Build Status Go Report Card Go Reference

Note

This code is under active development and not guaranteed to be stable. If you are interested in integrating with it, we'd love your feedback.

The Outline SDK allows you to:

Advantages

Multi-Platform Proven Technology Composable
Supports Android, iOS, Windows, macOS and Linux. Field-tested in the Outline Client and Server, helping millions to access the internet under harsh conditions. Designed for modularity and reuse, allowing you to craft custom transports.

Interoperable and Reusable

The Outline SDK is built upon a simple basic concepts, defined as interoperable interfaces that allow for composition and easy reuse.

Connections enable communication between two endpoints over an abstract transport. There are two types of connections:

  • transport.StreamConn: stream-based connection, like TCP and the SOCK_STREAM Posix socket type.
  • transport.PacketConn: datagram-based connection, like UDP and the SOCK_DGRAM Posix socket type. We use "Packet" instead of "Datagram" because that is the convention in the Go standard library.

Connections can be wrapped to create nested connections over a new transport. For example, a StreamConn could be over TCP, over TLS over TCP, over HTTP over TLS over TCP, over QUIC, among other options.

Dialers enable the creation of connections given a host:port address while encapsulating the underlying transport or proxy protocol. The StreamDialer and PacketDialer types create StreamConn and PacketConn connections, respectively, given an address. Dialers can also be nested. For example, a TLS Stream Dialer can use a TCP dialer to create a StreamConn backed by a TCP connection, then create a TLS StreamConn backed by the TCP StreamConn. A SOCKS5-over-TLS Dialer could use the TLS Dialer to create the TLS StreamConn to the proxy before doing the SOCKS5 connection to the target address.

Resolvers (dns.Resolver) enable the answering of DNS questions while encapsulating the underlying algorithm or protocol. Resolvers are primarily used to map domain names to IP addresses.

Bypass DNS-based Blocking

The Outline SDK offers two types of strategies for evading DNS-based blocking: resilient DNS or address override.

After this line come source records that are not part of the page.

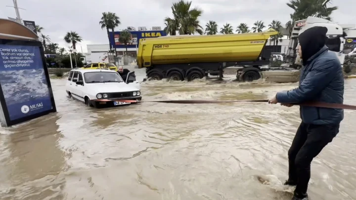 Belediye ekipleri yoldaki mazgalları açmak için çalışma başlatırken, araçlar da çekici ve vatandaşların yardımıyla yol kenarına çekildi.
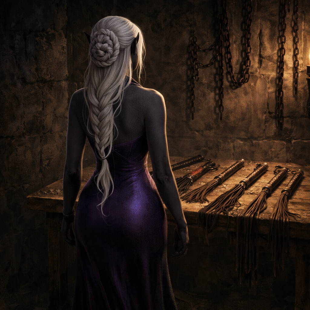 Жрица остановилась у стола с ровно разложенными плётками и кнутами. С короткими кожаными хвостами, с длинными и тяжёлыми, с узлами на концах, с металлическими вставками. У некоторых кожа блестящая, у других — выцветшая и потёртая от времени и частого использования.
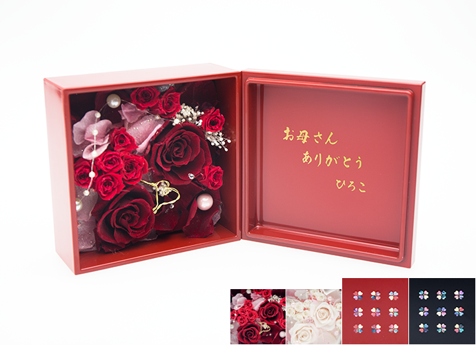 白いローズの花言葉は「尊敬」。日頃の感謝をお花で表現するのにぴったりの白のローズを、和漆器の箱の中にたっぷりと詰め込みました。暖かみのある優しい白色は、落ち着いた印象を与えます。プリザーブドフラワーの部分を取り外して、別の器に差し替えても、そのまま飾ってもお楽しみいただけるように、細部まで心を込めて制作しています。人気が高い粂治郎の漆小箱は、単独でもご利用いただけます。※漆小箱は朱と黒からお選びいただけます。
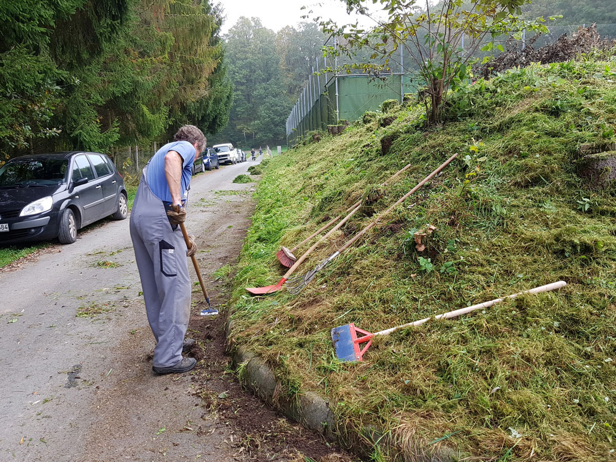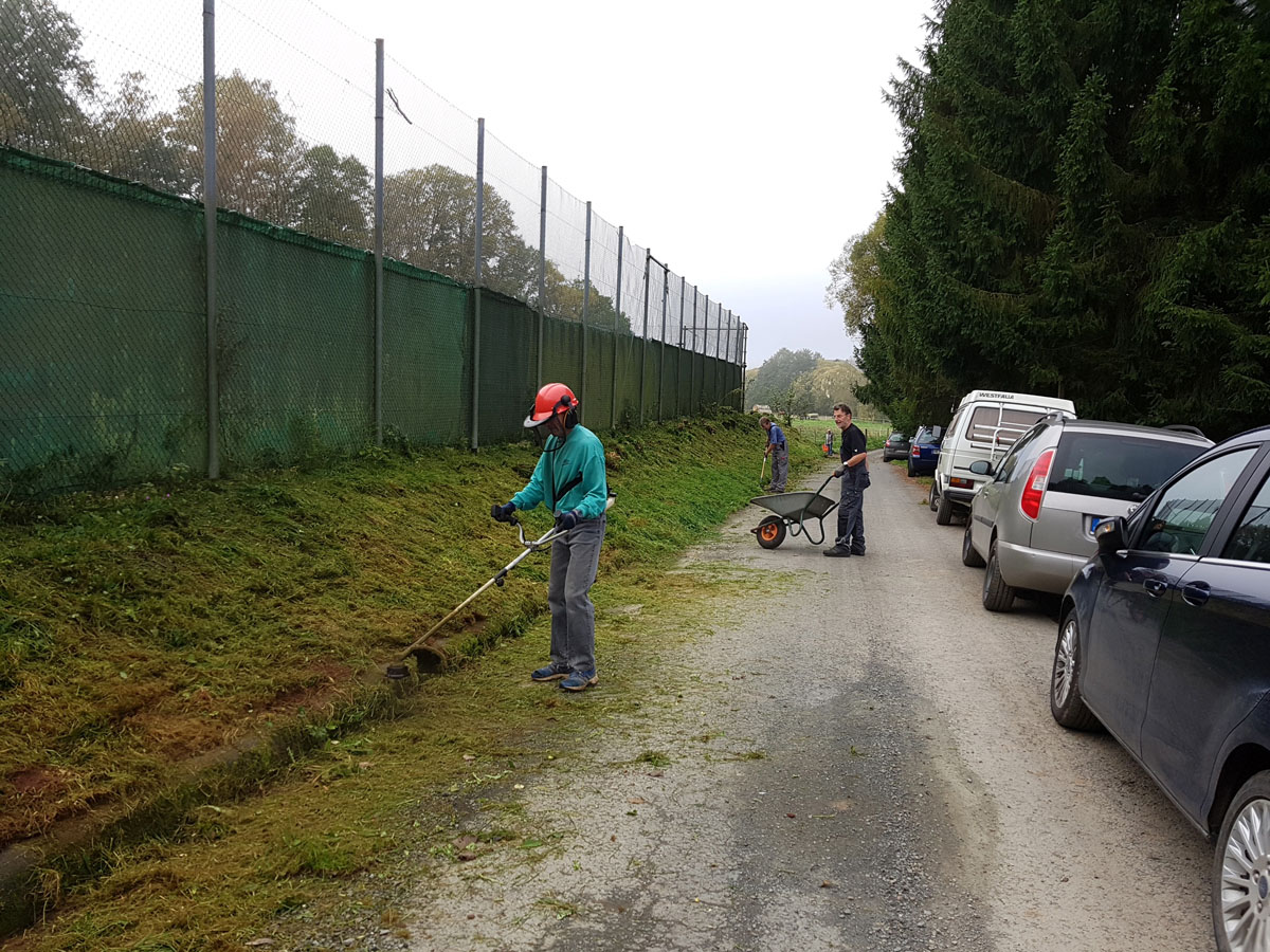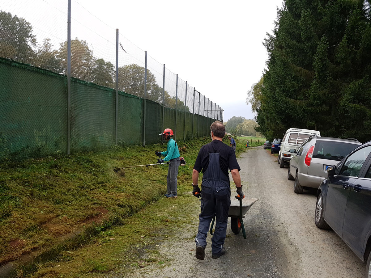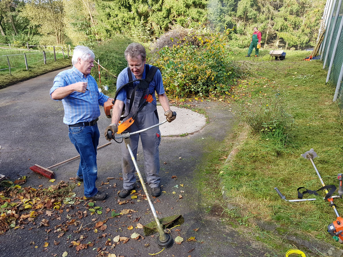 Der Arbeitstrupp nach dem Mähen, Rechen, Hacken, Schneiden, Kehren, Schippen, Abfahren und Abbrennen des Überwuchses rund ums Vereinsheim des TV. |

  • The dns package can replace the resolution based on the system resolver with more resillient options:
    • Encrypted DNS over HTTPS (DoH) or TLS (DoT)
    • Alternative hosts and ports for UDP and TCP resolvers, making it possible to use resolvers that are not blocked.
  • The override config from x/config with a host option can be used to force a specific address, or you can implement your own Dialer that can map addresses.

Bypass SNI-based Blocking

The Outline SDK offers several strategies for evading SNI-based blocking:

At the TCP layer:

At the application layer:

Tunnel Connections over a Proxy

The Outline SDK offers two protocols to create connections over proxies:

Build a VPN

Use the network package to create TUN-based VPNs using transport-layer proxies (often called "tun2socks").

Add the SDK to Your App

Choose from one of the following methods to integrate the Outline SDK into your project:

  • Generated Mobile Library: For Android, iOS, and macOS apps. Uses gomobile bind to generate Java and Objective-C bindings.
  • Side Service: For desktop and Android apps. Runs a standalone Go binary that your application communicates with (not available on iOS due to subprocess limitations).
  • Go Library: Directly import the SDK into your Go application. API Reference.
  • Generated C Library: Generate C bindings using go build.

The Outline Client uses a generated mobile library on Android, iOS and macOS (based on Cordova) and a side service on Windows and Linux (based on Electron).

Below we provide more details on each integration approach. For more details about setting up and using Outline SDK features, see the Discussions tab.

Generated Mobile Library

See our MobileProxy page to learn about the easiest way to integrate the Outline SDK into a mobile app. It runs a local forward proxy that implements resillience strategies that you can use to configure your app's networking libraries.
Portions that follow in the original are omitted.